“That’s Not My Job”: I&O’s Role Shift When It Comes To Security
In the halcyon days of my sysadmin youth, my team was asked to perform entitlement reviews on sensitive systems. When we were asked to determine who should have access to what, my director responded in a way I would never forget:
“That’s not my job.”
It sounds snarky, but he was correct. It wasn’t our job. It was security’s role to create policies to execute. It was the business’ decision to determine who should have access to what. It was compliance’s role to verify access. Our role was to ensure these things could be done as safely, quickly, and easily as possible.
I&O needed a role change. The way to address it: automation.
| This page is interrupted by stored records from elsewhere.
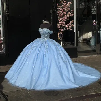 قبالة الكتف فساتين عيد ميلاد Quinceanera بريق الترتر الطرف الديكور الحلو 16 Vestidos De 15 أنوس السماء الزرقاء العباءات MQD8
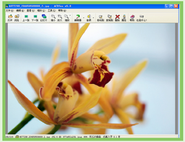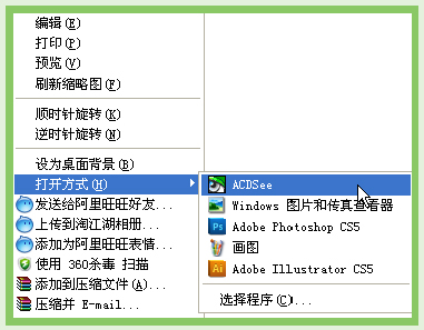 想要将自己拍摄的数码照片设置为桌面墙纸,可以右击需要设置的照片,在弹出的快捷菜单中执行“打开方式”命令,然后在打开的子菜单中单击ACDSee选项,如下图所示。将照片在ACDSee窗口中打开,如下下图所示。
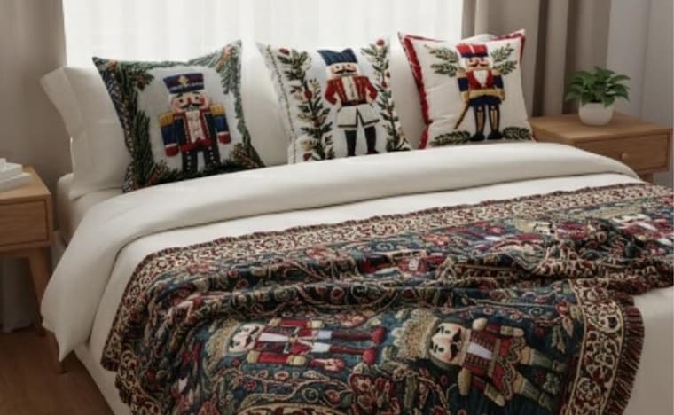 "Bring Home the Magic of the Holidays! ✨ Our luxury Nutcracker throw and pillow set. -
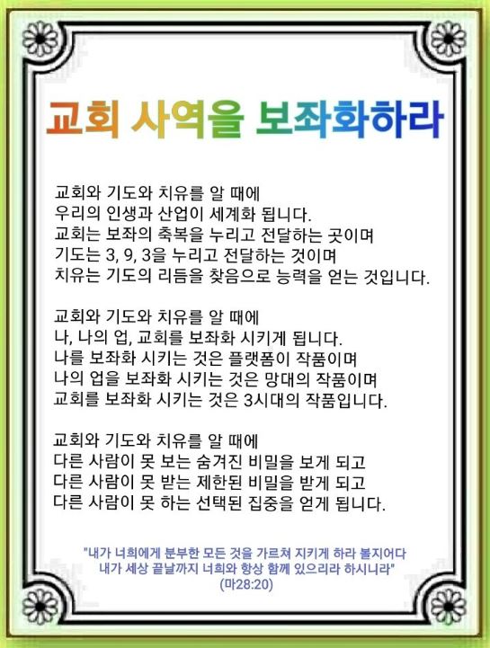 1. 세 가지를(교회, 기도, 치유와 서밋) 알면 가능합니다
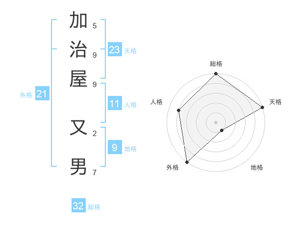 加治屋 又男さんの天格は23画の5点!
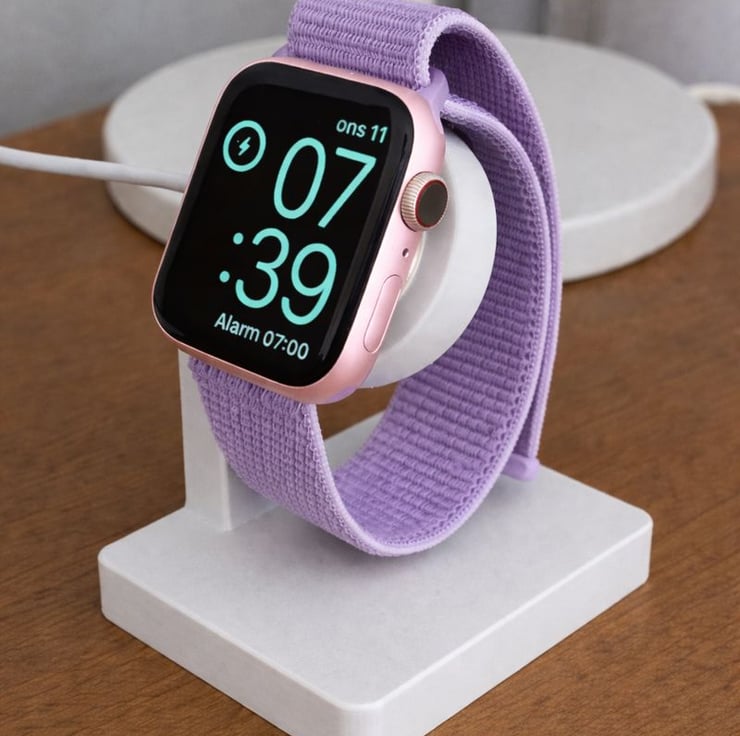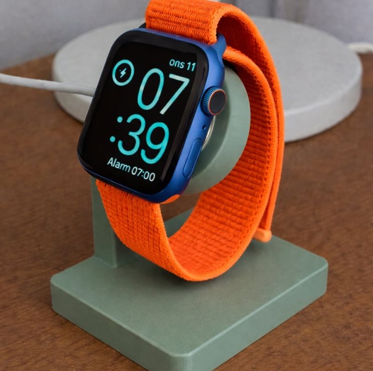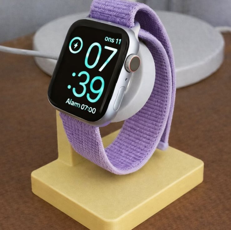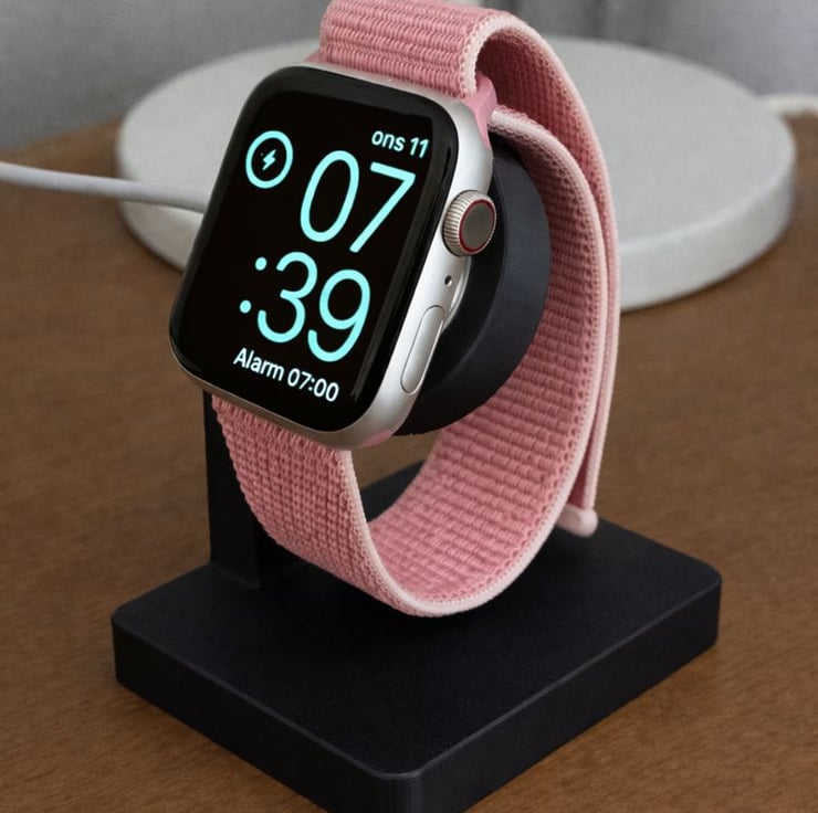 A simple, stylish, and functional handmade stand designed to keep your smartwatch secure and easily visible while charging.
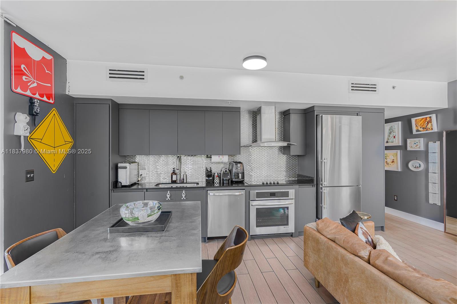 Elegant 1-Bedroom Condo with Bay Views in MiMo This 1-bedroom, 1-bathroom condo offers beautiful bay views and modern finishes, featuring matte wood-look porcelain floors. It comes with newer appliances, an open-concept layout, and floor-to-ceiling windows that fill the space with natural light. Located in MiMo, it provides easy access to entertainment. Enjoy premium amenities such as a Butterfly MX intercom system, a fully equipped gym, and a bayfront pool. The well-funded association ensures stability and peace of mind. Near Edgewater, Midtown, and the Design District, this move-in ready gem combines style, comfort, and convenience.
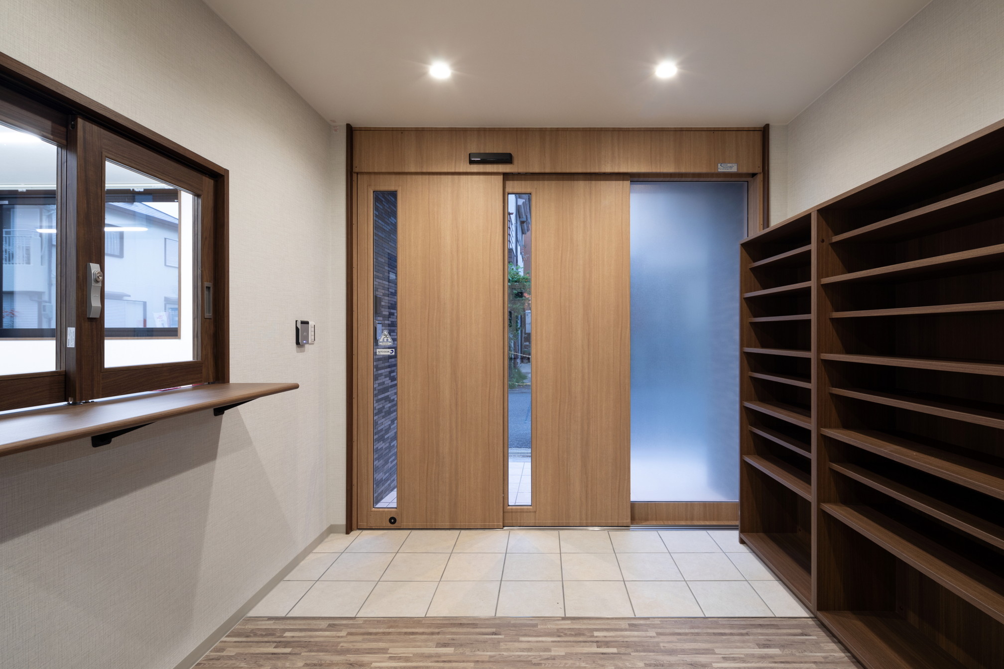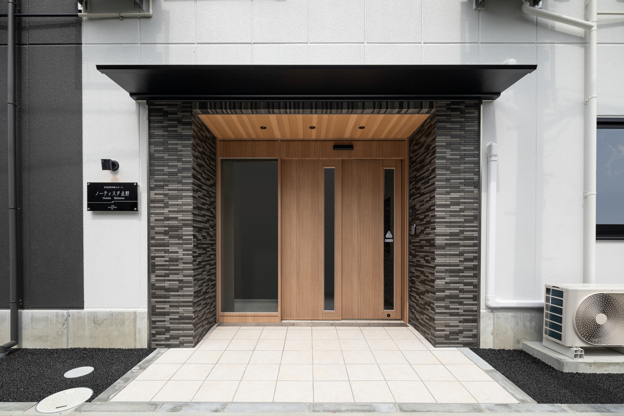 建物の「顔」となる玄関ドアは木目調とし、その回りにはグレー系の細目のタイルを貼ることにより、温もりと高級感を兼ね備えた表情を演出しました。
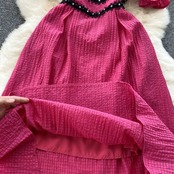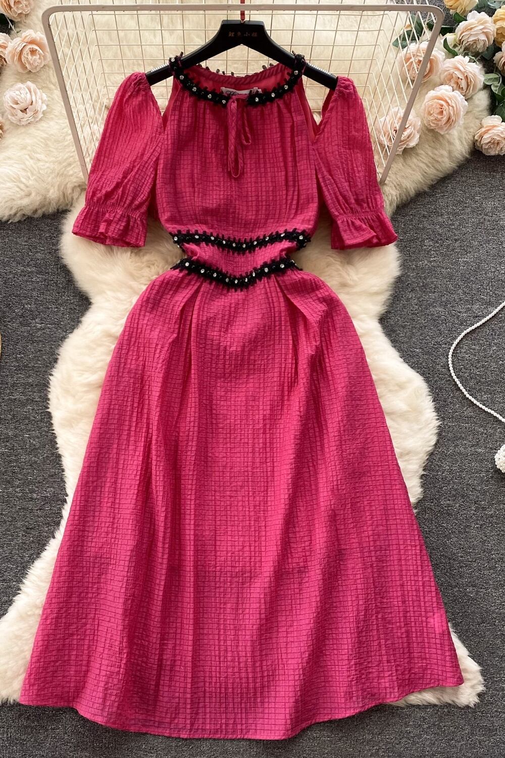 フレンチニッチデザインのオフショルダーパフスリーブビーズドレス女性、スリムウエストとエストスタイルのフェアリードレス lyxaj44142766678
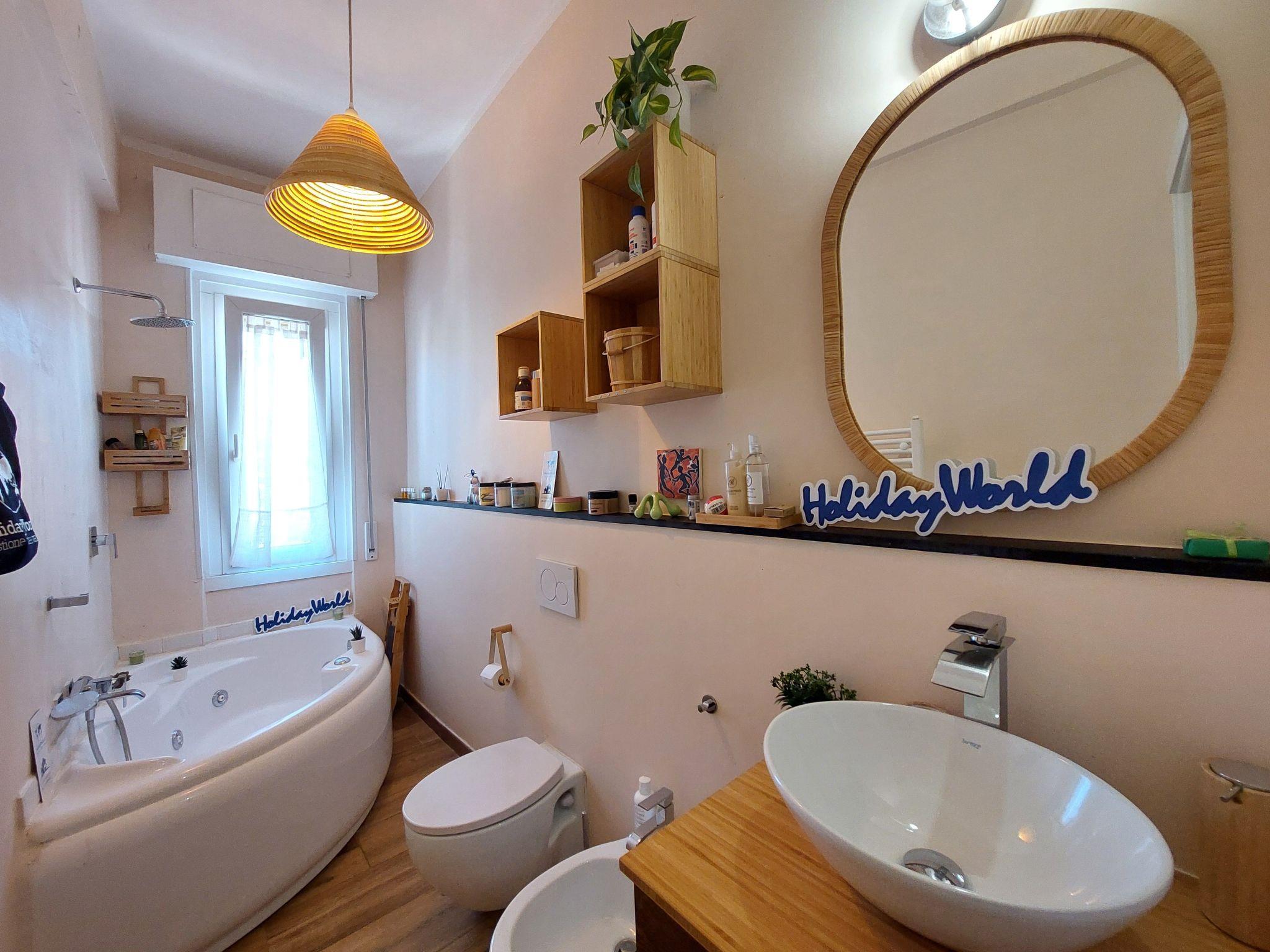 Casa Rossetti is a cosy one-bedroom apartment located in Genoa, in the quiet neighbourhood of Priaruggia, in the eastern part of the city and a few minutes' walk from the beach. The flat is located on the fourth floor of a building in a panoramic and sunny position. It consists of a large living room with an open kitchen, a double bedroom complete with wardrobe and desk, and a modern bathroom with a hydro-massage bathtub used as a shower and bidet. A lovely furnished balcony with a pleasant sea view completes the accommodation. The location is certainly a point in favour of the accommodation. The neighbourhood is residential, well-kept, with all the main services at hand and just a few metres from the train station, so that you can easily reach the centre. A bright, functional house with every comfort, perfect for a relaxing holiday by the sea or for exploring Genoa and the Ligurian Riviera.

Automation evolves I&O into enablers. Configuration management automation sets up the baseline, guaranteeing a stable environment. Continuous delivery release automation enables consistent setup from development to test to production. Microsegmentation automation using software-defined networking secures traffic channels. Security automation rounds out the picture, ensuring everything is locked down and providing analytics to verify it.
In an updated report, Joseph Blankenship, Dr. Chase Cunningham, and I review the automation landscape and how infrastructure automation in particular forces a necessary, and beneficial, role change for I&O. In the Zero Trust eXtended ecosystem, locking down data is central. Infrastructure automation makes it a reality down to the bare metal.